My beliefs have largely been fluid over the decades that I’ve been a Christian because of my dogged pursuit of the truth. I came to Christ in a Pentecostal church in 1990, then read Kenneth Hagin books and became a Charismatic for several years, then read John MacArthur books and became a Calvinist for several years, then eventually stopped reading Christian books altogether but only the Bible which has led me to my current beliefs. My experience has been that I was led astray when I trusted popular ministers to teach me about God and salvation. But since the truth came from Jesus Christ, I listen to Him and His apostles: “grace and truth came by Jesus Christ” (Jhn 1:17); “And ye shall know the truth, and the truth shall make you free” (Jhn 8:32); “And if I say the truth, why do ye not believe me?” (Jhn 8:46); “I am the way, the truth, and the life” (Jhn 14:6); “Every one that is of the truth heareth my voice” (Jhn 18:37); “the truth is in Jesus” (Eph 4:21).
Becoming right in our beliefs begins with an honest and humble assessment of ourselves that we could be wrong not just about some things but about a lot of things. I went through that and still go through it to a certain extent. If we’re seeking the truth, then we’ll have no problem with questioning our current beliefs sincerely and objectively. But I’ve come to learn that many Christians aren’t willing to do this. Rather, they’re convinced that their current beliefs are right and will go to great lengths in defending them.
The goal of studying the Scriptures is to correctly understand the message intended to be conveyed by the Author. The Scriptures are simply a channel through which God communicates His message to us. It’s not about my interpretation or your interpretation but about apprehending the intended message, then living our lives accordingly.
The biggest hindrance to correctly understanding the Scriptures and apprehending the intended message is false assumptions. Assumptions are ideas that we consider to be true but might not be. They’re essential for building upon to further our understanding and reach correct conclusions. However, when our beginning assumptions are false, our understanding is hindered and we can rarely reach correct conclusions—false assumptions blind and imprison us. For example: if you believe (as I used to) that humans are non-physical beings living inside physical bodies that continue living disembodied after death either in heaven or hell, then that false assumption will blind you from understanding many teachings in Scripture about life, death, and salvation. Until you’re willing to lay aside that assumption and approach the Scriptures objectively, you’ll remain imprisoned.
My understanding of the Scriptures began to thrive once I stripped away assumptions from my thinking that I wasn’t entirely sure were correct, then approached the Scriptures as objectively as possible. It was only after I was convinced that any particular assumption was correct that I embraced it and used it to help me understand the Scriptures further. It’s like a snowball effect; the more we correctly understand, the more we’re able to correctly understand.

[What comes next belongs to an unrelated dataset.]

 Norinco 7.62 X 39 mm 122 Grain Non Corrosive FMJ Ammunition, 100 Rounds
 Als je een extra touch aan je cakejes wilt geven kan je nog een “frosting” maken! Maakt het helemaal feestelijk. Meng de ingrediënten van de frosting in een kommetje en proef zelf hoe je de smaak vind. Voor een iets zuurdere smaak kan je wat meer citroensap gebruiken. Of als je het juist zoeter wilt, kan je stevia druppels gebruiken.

False assumptions, primarily assumptions about the nature of God and man—that God is a Trinity of Persons and that man is an eternal non-physical being whose destiny is either heaven or eternal torture in fire—prevents the most brilliant from ever understanding the Scriptures and attaining the truth. Many scholars and theologians are far smarter and more educated than I am but the false assumptions they embrace about God and man skews and tarnishes their understanding so that much of what they teach is wrong. Christians recognize that even the most brilliant scientists embrace the foolish philosophy of evolution under the pretense of science. And a similar dynamic is true with theologians. They’ve been indoctrinated with a philosophical system disguised as theology, “Beware lest any man spoil you through philosophy and vain deceit” (Col 2:8). They’re trained and committed to defend their system with illogical and foolish arguments. They garnish their philosophy with a lot of big words, scholarship, and eloquence to make it sound official and authoritative, “they speak great swelling words of vanity” (2Pe 2:18). They make it sound like they’re saying a lot while saying a whole lot of nothing!

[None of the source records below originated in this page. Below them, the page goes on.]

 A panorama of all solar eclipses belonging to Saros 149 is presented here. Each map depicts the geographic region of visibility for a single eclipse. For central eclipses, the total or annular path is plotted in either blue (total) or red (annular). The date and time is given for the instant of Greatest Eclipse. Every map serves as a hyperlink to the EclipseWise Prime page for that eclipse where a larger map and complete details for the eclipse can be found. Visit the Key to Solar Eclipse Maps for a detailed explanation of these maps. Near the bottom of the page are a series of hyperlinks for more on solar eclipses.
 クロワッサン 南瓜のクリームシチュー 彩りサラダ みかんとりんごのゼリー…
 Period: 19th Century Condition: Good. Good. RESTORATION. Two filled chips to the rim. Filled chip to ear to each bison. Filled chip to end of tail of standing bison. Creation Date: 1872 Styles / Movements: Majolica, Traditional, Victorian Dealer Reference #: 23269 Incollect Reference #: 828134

I’ve been scolded for considering myself right while multitudes of brilliant and educated scholars and theologians over many hundreds of years are wrong. But the difference between me and them is that I’m willing to lay aside my biases and think outside the box while they’re imprisoned within a box of false assumptions they’re unwilling to question. They’ll say that some things aren’t open for discussion or debate which only proves they’re not open-minded like the Bereans. And since they’re not open-minded, then sadly they’ll stay deceived. They implicate themselves as more loyal to their theological system than to the Lord Jesus Christ Himself. A wrong view of God, a wrong view of the Son of God, and a wrong view of man can only result in a wrong view of salvation and adversely affect almost everything they teach. For that reason, I don’t read books or commentaries from theologians anymore. I only read the Bible.
You should read my writings on this website for three main reasons. First, Christ has gifted me to understand and teach the Scriptures. I have no greater passion than to study and write about the Scriptures and can spend hours and hours doing it. Correctly understanding the Scriptures is more than an academic and intellectual endeavor but takes being gifted by Jesus Christ. I can’t tell you how many times God has given me the understanding of certain passages of Scripture in answer to prayer. It’s not necessarily that I’m smart enough to figure things out but that God has gifted me and guides me.
Second, my motive is for Jesus Christ to be glorified and not myself. I strive to not care what anyone thinks about me good or bad, but care greatly about what people think about Him. Therefore, I’m not trying to get any recognition or a large following of people. I’m not in the ministry and I’m not trying to gain or maintain any financial support. I just want to help others in their walk with God by learning the truth and living their lives by it. It’s because of this mindset that I can approach my audience with boldness to say things the way I believe they truly are—I’m not trying to please anyone.
The third reason you should read my writings on this website is that I approach the Scriptures as objectively as possible by only bringing with me the assumptions that I’m convinced are correct. I think outside the box. Successful people in any area of life aren’t afraid of failure. For example, famous basketball players contend that if fear of failure kept them from attempting to make the winning shot, they would never make the winning shot. Adopting that same principle to the study of the Scriptures, I’m not afraid to attempt the winning shot and miss sometimes. I’m willing to be wrong at times so that I can finally get it right.
My studies and writings are focused mainly on the subjects of God, man, salvation, and Christian living. Many other subjects are certainly worthy of attention but for the time being at least, God has me concentrating on these. I could spread myself out by studying other subjects but I wouldn’t be as effective and learned in these primary subjects.
I use the King James Version of the Bible primarily because I believe in the relative accuracy of the manuscript tradition from which it’s translated as compared with the Alexandrian tradition underlying most modern Bible versions. Also, since the KJV is in the public domain, it can be quoted from freely with no thought of legal repercussions. We should be able to use God’s holy words without anyone telling us how much of it we can and can’t use. Many people suffered greatly and gave their lives for the Scriptures yet publishing companies today stipulate that we must use less than 500 verses and not let it account for more than 25% of the total text. Is business more important than souls?
One last point is that I don’t claim to be a great writer. My writings are all about the content and message. I want to first understand correctly what the Scriptures are saying (thus the title of my website), then communicate this understanding to bless my audience. My prayer is that my writings will bless and help your walk with God through our glorious Lord Jesus Christ.